**Work request**
When the line with "本系统主要是针对企业的易耗品" appears below, start repeating lines exactly, and keep going through the line with "Этикетки Avery Zweckform"; add nothing outside that span.

**Material for this task**
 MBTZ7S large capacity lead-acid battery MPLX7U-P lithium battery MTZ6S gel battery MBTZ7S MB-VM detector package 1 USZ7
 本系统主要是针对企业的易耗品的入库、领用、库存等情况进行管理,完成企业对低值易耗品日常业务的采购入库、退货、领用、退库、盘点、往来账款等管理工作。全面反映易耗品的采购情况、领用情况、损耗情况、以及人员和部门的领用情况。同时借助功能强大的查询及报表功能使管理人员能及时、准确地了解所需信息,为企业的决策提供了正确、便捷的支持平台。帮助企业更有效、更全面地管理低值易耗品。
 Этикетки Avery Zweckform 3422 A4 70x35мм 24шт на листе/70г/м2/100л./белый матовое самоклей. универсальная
* * *
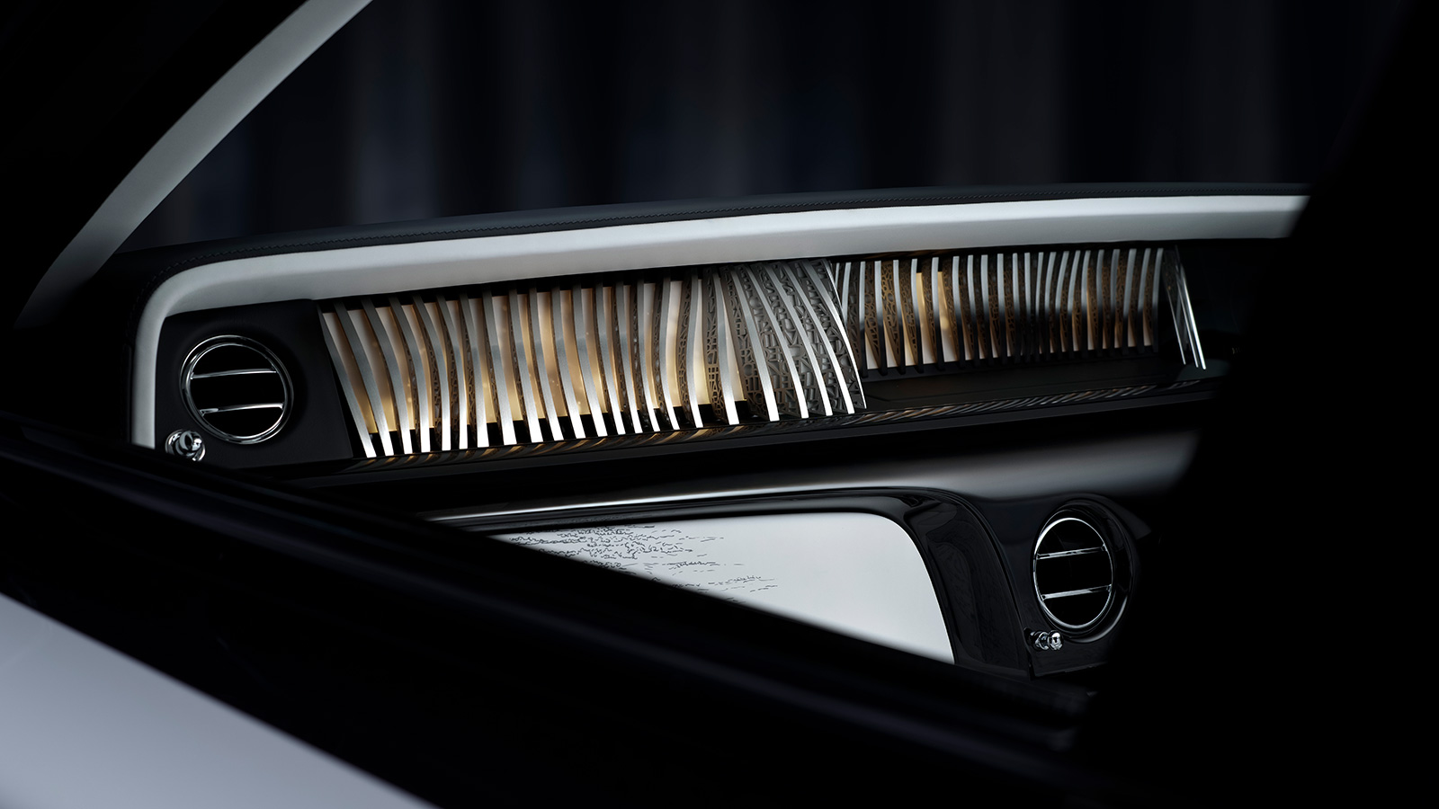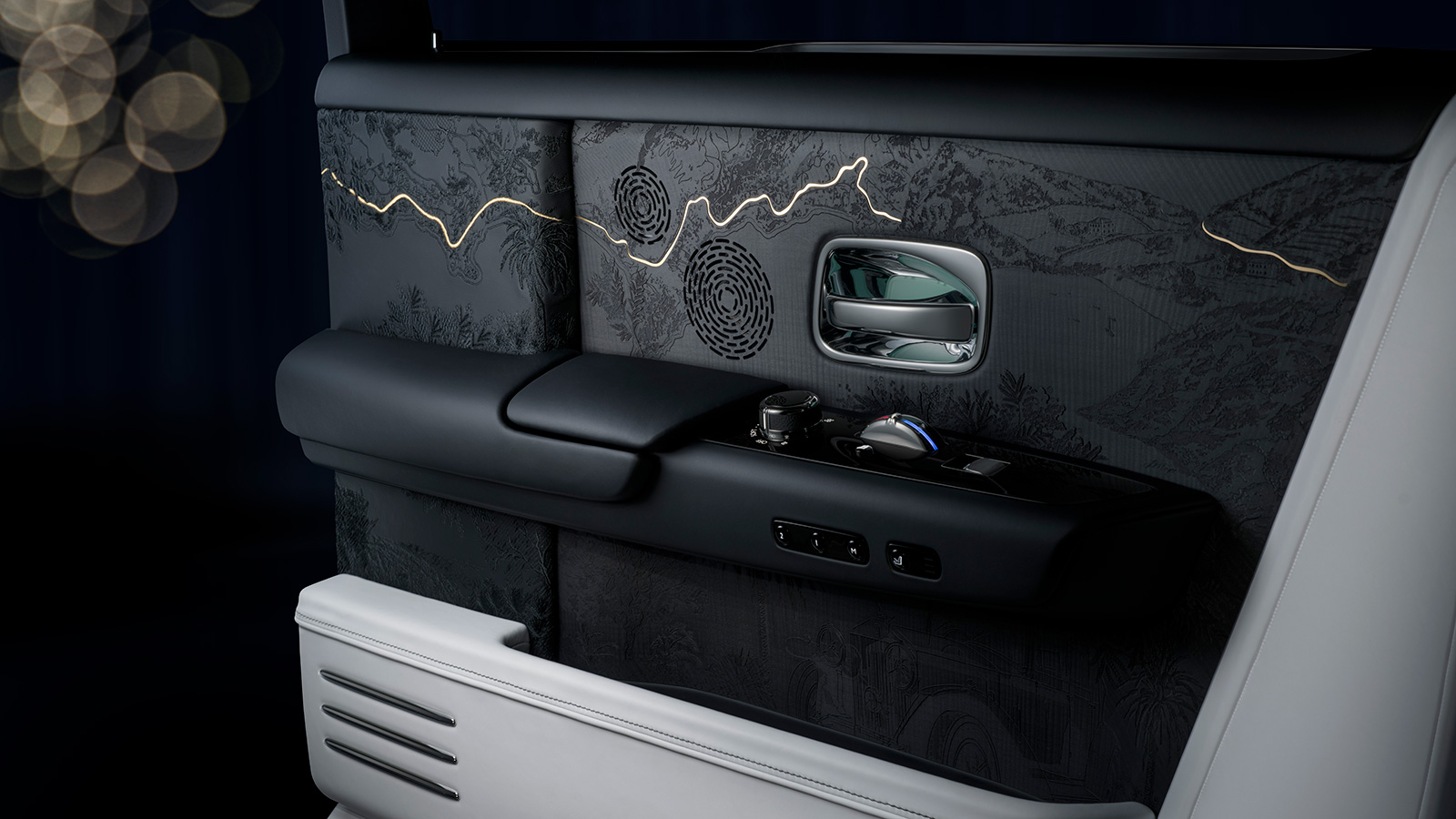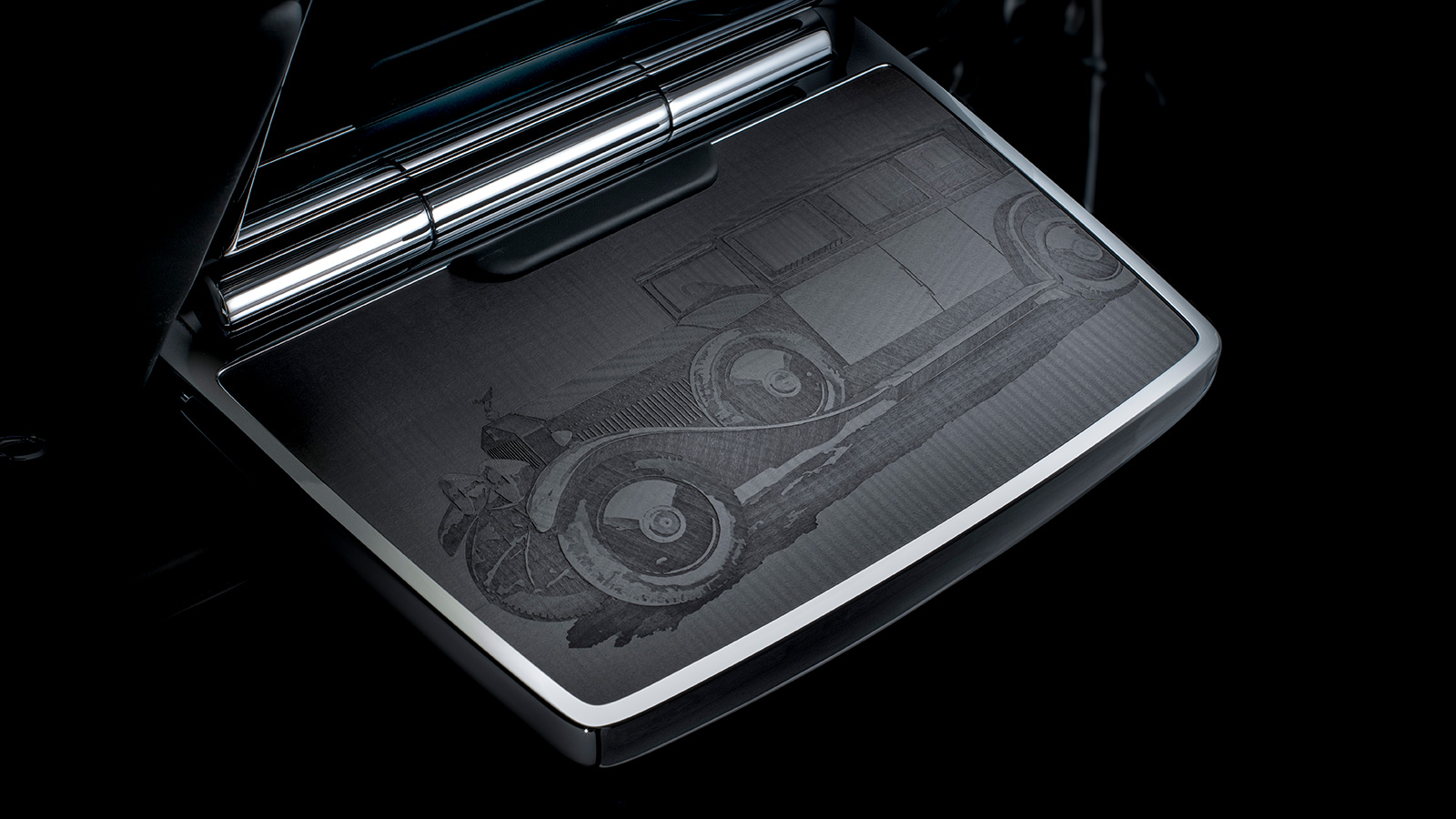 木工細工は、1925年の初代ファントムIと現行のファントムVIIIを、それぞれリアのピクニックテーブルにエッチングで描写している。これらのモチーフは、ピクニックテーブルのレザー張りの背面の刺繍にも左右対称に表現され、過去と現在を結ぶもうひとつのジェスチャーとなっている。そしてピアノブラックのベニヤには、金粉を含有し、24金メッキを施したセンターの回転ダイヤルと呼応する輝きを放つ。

**Result**
 本系统主要是针对企业的易耗品的入库、领用、库存等情况进行管理,完成企业对低值易耗品日常业务的采购入库、退货、领用、退库、盘点、往来账款等管理工作。全面反映易耗品的采购情况、领用情况、损耗情况、以及人员和部门的领用情况。同时借助功能强大的查询及报表功能使管理人员能及时、准确地了解所需信息,为企业的决策提供了正确、便捷的支持平台。帮助企业更有效、更全面地管理低值易耗品。
 Этикетки Avery Zweckform 3422 A4 70x35мм 24шт на листе/70г/м2/100л./белый матовое самоклей. универсальная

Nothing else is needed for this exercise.